◆ **Task brief**: Find the line with "可查看相關時間內的故障數、故障狀態、故障類型、趨勢分析及故障列表。" in the entries below, then output every line from it down to the line with "Vodný stĺpec 5.000, vnutri", exactly and with no pictures.

══ The input ══

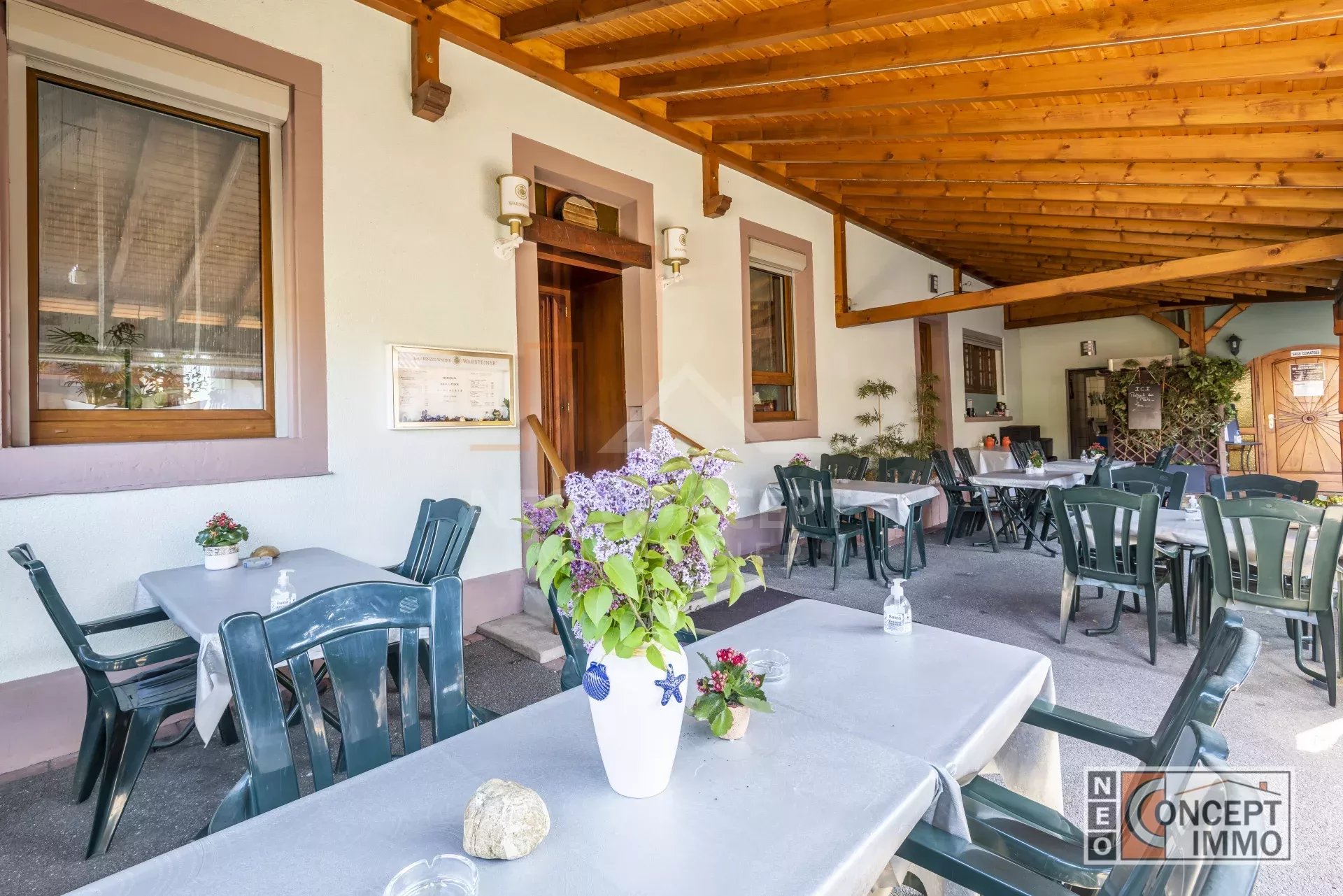 – Terrasse d’environ 80 m2 entièrement couverte datant de 2010. (Environ 40 couverts).
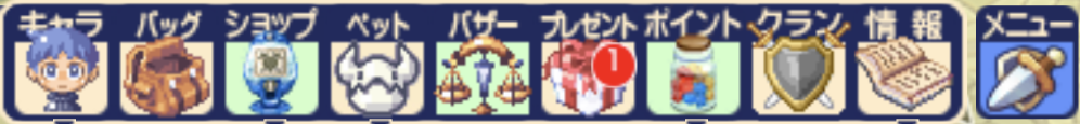 | アイテムは全て、 プレゼントバッグ に配布されるよ♪ メニューバー>プレゼント で 忘れずに受け取ろう!
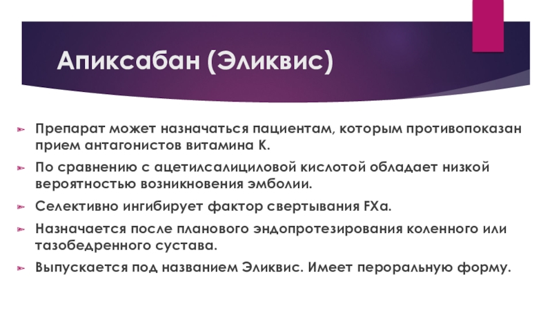 Угнетает фермент циклооксигеназу в тромбоцитах и препятствует синтезу тромбоксана А2.
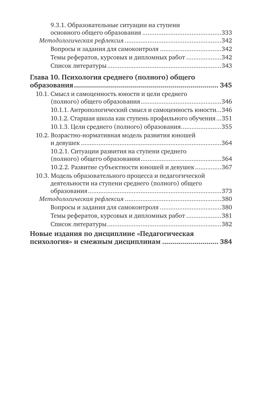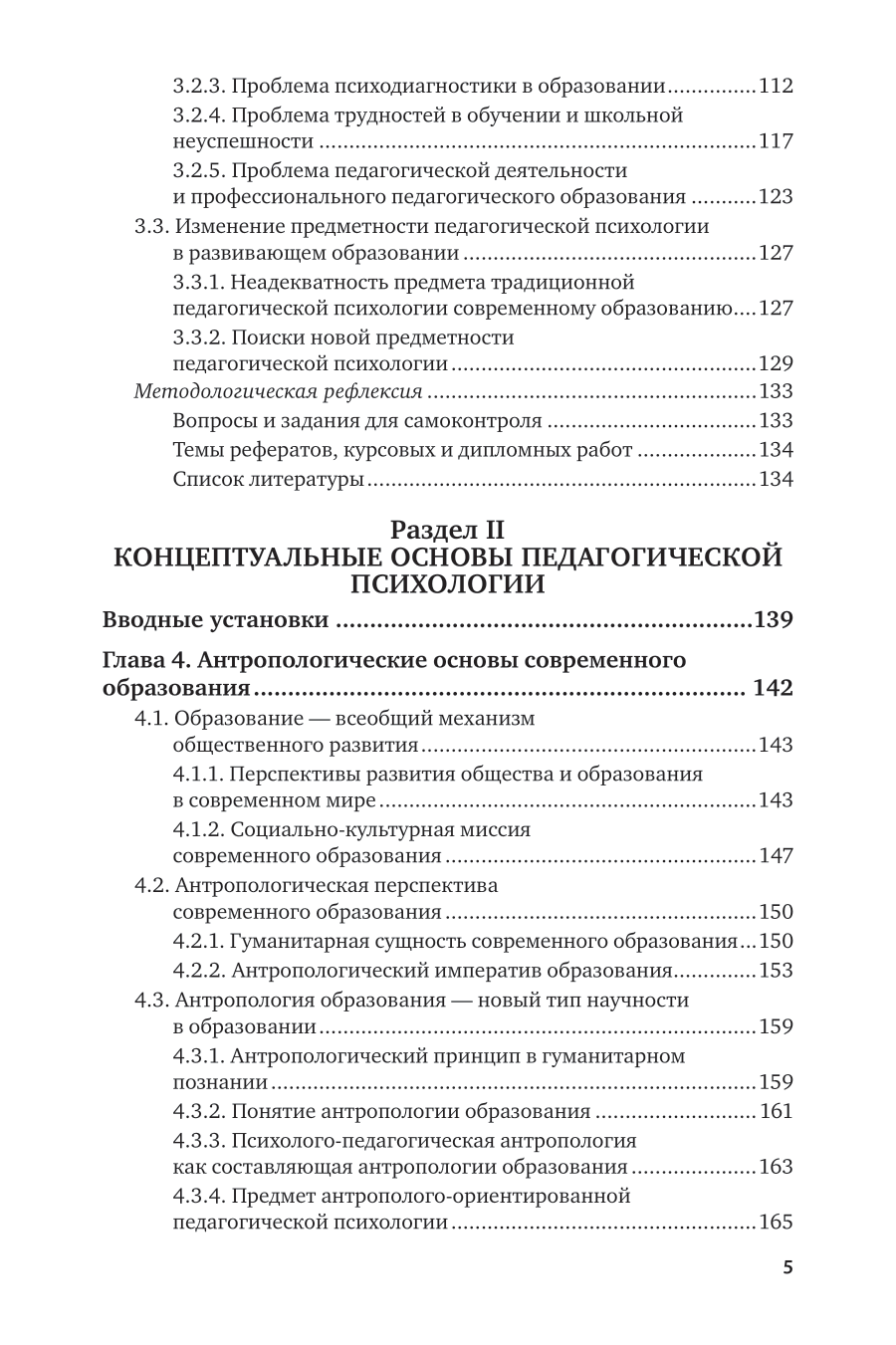 В учебнике освещены вопросы развития и современного состояния зарубежной и отечественной педагогической психологии; обоснована необходимость разработки антропологии образования и особого образовательного знания - комплексного знания об образовании как всеобщей культурно-исторической форме становения и развития сущностных сил человека, обретения им образа человеческого во времени истории и в пространстве культуры. Излагаются вопросы онтологии развития человека в пространстве образования, рассматриваются проблема сопряженности ступеней развития и ступеней образования, понятие и строение возрастно-нормативной модели развития. Отдельный раздел учебника посвящен систематическому изложению психолого-педагогических условий и особенностей становления субъективной реальности человека на ступенях образования. Соответствует актуальным требованиям федерального государственного образовательного стандарта высшего образования. Для студентов высших учебных заведений, обучающихся по гуманитарным и педагогическим направлениям и специальностям.
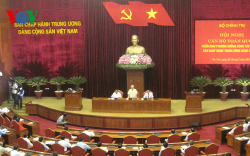 Hội nghị cán bộ toàn quốc triển khai phương hướng nhân sự Ban Chấp hành Trung ương Đảng khóa XII diễn ra hôm nay (28/05), tại Hà Nội, dưới sự chủ trì của Tổng Bí thư Ban Chấp hành Trung ương Đảng Cộng sản Việt Nam Nguyễn Phú Trọng, Thường trực Ban Bí thư Lê Hồng Anh, Trưởng Ban Tổ chức Trung ương Tô Huy Rứa.
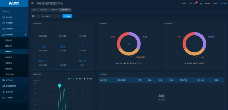 可查看相關時間內的故障數、故障狀態、故障類型、趨勢分析及故障列表。
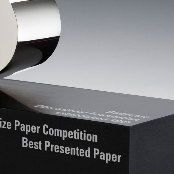 Each award is personalised by laser engraving directly onto the nickel plated aluminium base.
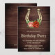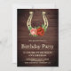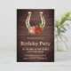 Rustik lada i trä land Floral Hästsko Födelsedag Inbjudningar
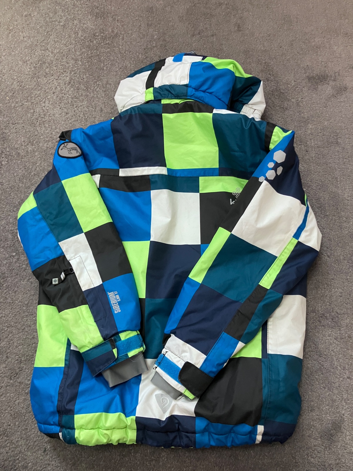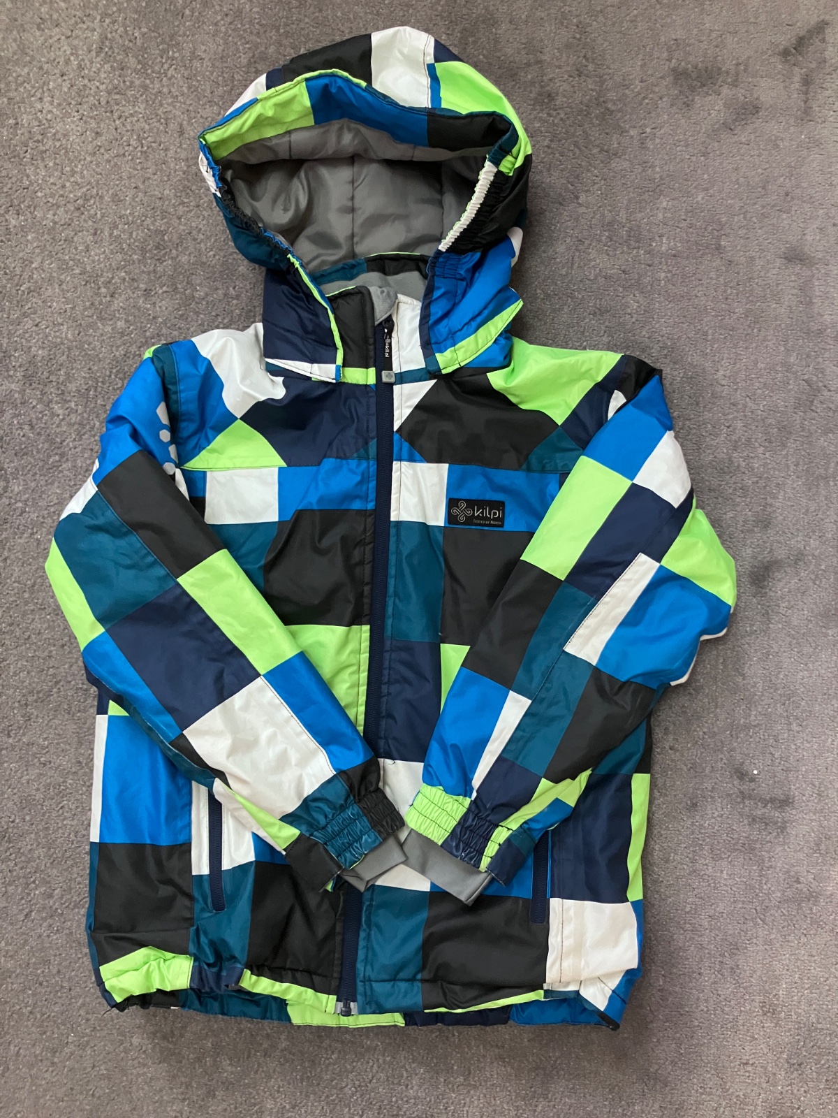 Vodný stĺpec 5.000, vnutri má snežný pás, na rukáve vrecko na skipas, kapuca sa dá odopnúť.
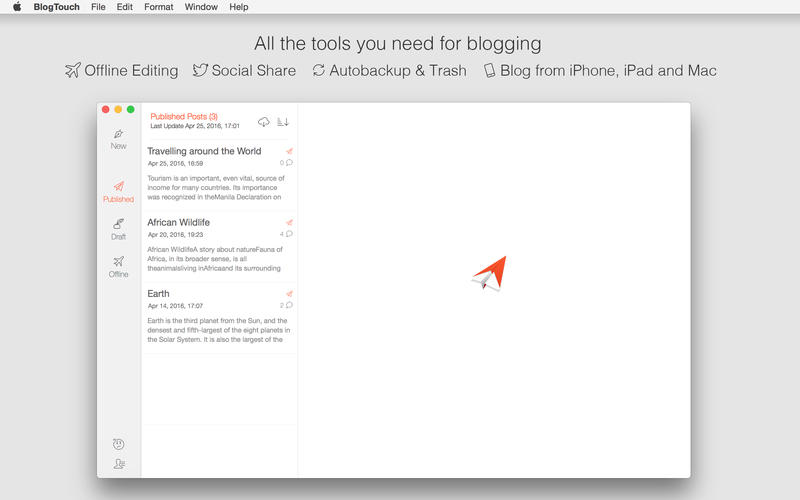BlogTouch Mac版是一款非常实用的编辑器软件,软件功能强大,支持通过 Twitter、 Facebook、 电子邮件和其他的网络共享,可以安全地删除你的帖子,通过将它们发送到回收站(脱机存储区),可以帮助用户轻松管理博客,改善用户体验,更流畅地使用博客,需要的朋友们可以前来下载使用吧!

═══

◆ **Solution for this task**:
 可查看相關時間內的故障數、故障狀態、故障類型、趨勢分析及故障列表。
 Each award is personalised by laser engraving directly onto the nickel plated aluminium base.
 Rustik lada i trä land Floral Hästsko Födelsedag Inbjudningar
 Vodný stĺpec 5.000, vnutri má snežný pás, na rukáve vrecko na skipas, kapuca sa dá odopnúť.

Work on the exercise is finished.